Michael discussed his work in conversation with renowned journalist Mike White.

The sessions, Better the Blood and Telling Crucial Stories for Page and Screen, delved into both his latest novel, as well as his work bringing the case of wrongfully convicted murderer, Teina Pora, to the public eye.

“Telling Teina’s story was something that took over my career for the best part of a decade.

“It was a story I wish I never had to tell; the story of a young Māori man betrayed by a scandalously inept and profoundly flawed justice system.

“I made a documentary about

Teina’s story, I co-wrote and directed a dramatic feature, and I wrote In Dark Places, a non-fiction novel. Looking back on all three works, there’s fire and anger bubbling just beneath the surface – Teina became a close friend of me and my family, and what happened to him devastates me to this day,” Michael says.

“There is absolutely a direct shining line between telling Teina’s real-life story, and the writing of my first fiction novel, Better The Blood. Writing In Dark Places was about unpeeling and laying bare the real and awful and ongoing issues with the justice system’s treatment of Māori, as exemplified and made tangible in the tragedy of Teina Pora; with Better The Blood, I could use fiction- al thriller storytelling to explore equally urgent and difficult issues that I believe we should be talking about.”

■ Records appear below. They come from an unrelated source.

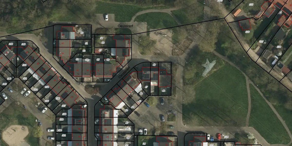 Oestererf 5 is gelegen op kadastraal perceel HLN01U47. Deze kadastrale aanduiding is uniek en wordt gebruikt door het Kadaster om eigendomsrechten en andere zakelijke rechten vast te leggen. Het perceel maakt onderdeel uit van de kadastrale gemeente Heerlen.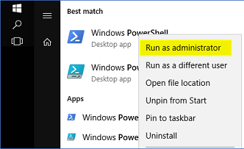 - Start Windows PowerShell in Elevated mode, by right-clicking the PowerShell icon and choosing Run as administrator.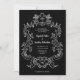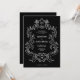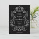This elegant and luxe wedding invitation features a white, vintage line art frame with ornate baroque style on a dark black background. This design is also perfect for a gothic style wedding. Modern script calligraphy and classic text, along with your initials or monogram, make this a classy yet up-to-date contemporary choice.

Better the Blood had nine translations confirmed before going on sale anywhere in the world, described as ‘the first crime thriller about a Māori detective, written by a Māori author’.

“I think, and hope, that the interest in the book here and internationally reflect that this is a time when the voices of indigenous storytellers are being not only heard but actively sought.

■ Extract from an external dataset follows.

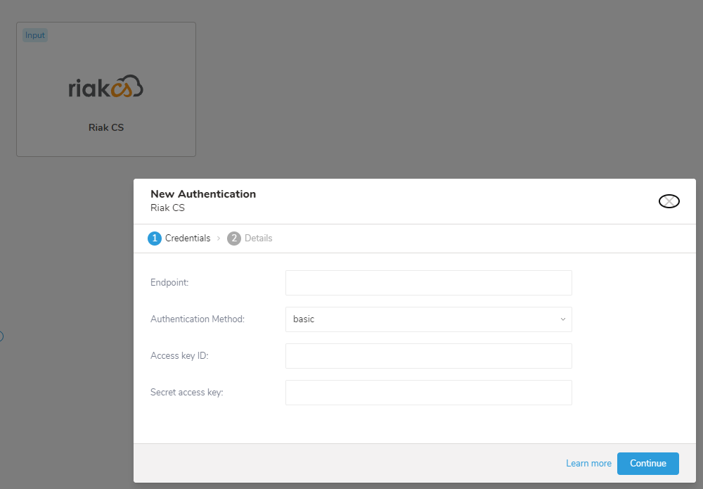 The Data Connector for Riak CS enables the import of the contents of .tsv and .csv files stored in your Riak CS bucket.

“And I also hope that this is a time when we are starting to embrace the need to understand and deal with our past in order to ever truly move forward,” Michael says. Session host Mike White, himself an investigative journalist with an interest in crime and justice, says Michael’s sessions were a highlight for festival attendees.

“Michael Bennett is simply an exceptional storyteller.

“His work across books, TV and movies has been remarkable, and he tells the stories of those we’d often not know about,” he says.

To see a crime thriller make the Ockham awards shortlist is almost unprecedented, Mike says.

“But [Better the Blood] is much more than a cop-on-the-killer’strail book, with Michael’s own experiences in the real-life world of crime, justice and injustice filling its pages, and filling our heads with truly challenging questions,” he says.

“His own story is incredible, and I think audiences at this year’s Marlborough Book Festival will come away thinking his sessions were the highlight of their weekend … we’re incredibly lucky to have him at this year’s festival.”